The celebrity chef set up stall outside the European Parliament to promote his campaign against a Common Fisheries Policy which effectively encourages fishermen to dump dead fish back in the sea.
Hugh's Fish Fight, launched in the UK last January, has already won praise from the European Commission, which has acknowledged that current catch restrictions have inadvertently created a massive problem of fish "discards".
Today, EU Fisheries Commissioner Maria Damanaki joined Fearnley-Whittingstall to back a campaign publicly endorsed at home by personalities including Sir Richard Branson, Stephen Fry and Ricky Gervais, and now expanding from the campaign's main UK website, to take on more websites in 11 other languages.
The food campaigner said: "I am delighted with the huge public support that the Fish Fight campaign has generated in the UK, but we need the rest of Europe with us if we're to change EU policy.
"With the launch of the Fish Fight campaign in more languages, I know we can generate the widespread support we need to ensure that the shameful practice of discarding perfectly good fish is ended."
Ms Damanaki said: "I consider discarding of fish unethical, a waste of natural resources, and a waste of fishermen's effort.
"Only broad societal awareness and public support can bring about real change in fisheries policy. We need effective campaigns like Hugh's Fish Fight to wake up people to support change."

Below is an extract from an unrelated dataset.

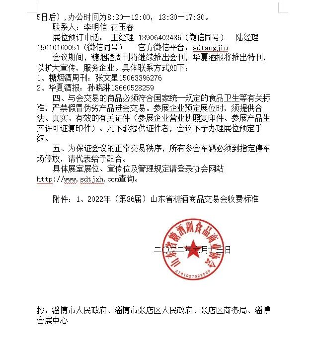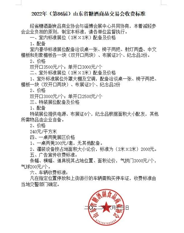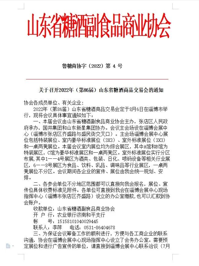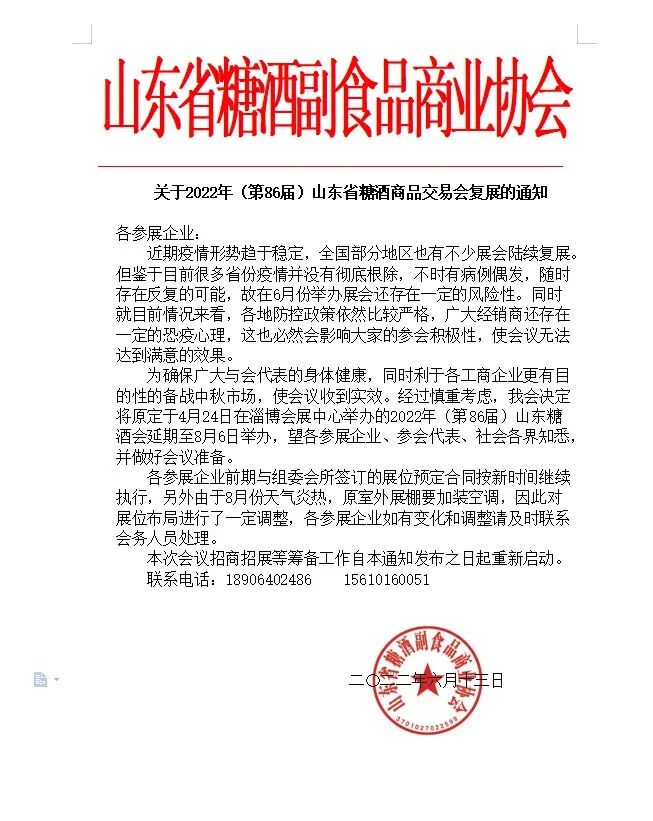 关于2022年(第86届)山东省糖酒商品交易会复展的通知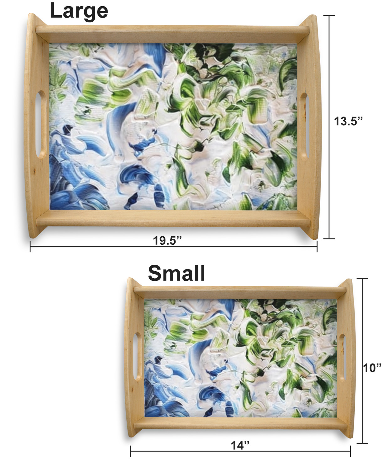 This serving tray with handles features square edges and two rounded sides, creating a very modern look. Each side is fabricated from a beautifully cut, natural wood. The bottom of the interior of the tray displays your customized design in bright, vibrant color. The tray is sold in both a black color and a natural wood look. Each variation of the wood serving tray has two sizes: Small, which is 14" x 10" x 2.25", and Large, which is 19.5" x 13.5" x 2.75".

Pressure has been mounting for years for changes to current EU rules which are blamed for encouraging dumping on a massive scale.
The Common Fisheries Policy rules impose catch quota limits on fishing fleets, which are not allowed to land their by-catch - any non-quota fish species they have netted accidentally.
The so-called "discard" is thrown back, dead, into the sea.
The Commission has already signalled it wants to end the waste by proposing a ban under CFP reforms due out later this year.
But some fishing sectors say a total ban is too much, too soon.
The Fish Fight campaign launched in Europe already has 675,000 registered supporters, backing an end to a "discard" practice which sees more than one million tonnes of dead fish thrown back into European waters every year.
Last month, Ms Damanaki rejected claims that the Commission was engaged in "a knee-jerk reaction to a media hype in the UK" in backing an end to discards.
She insisted: "The great majority of our fishermen, especially the coastal fishermen, are complaining that there is no fish in the sea.
"We are also faced with strong public opinion - consumers who are very well-informed and want to know that they are not supporting wasteful practices when they buy fish."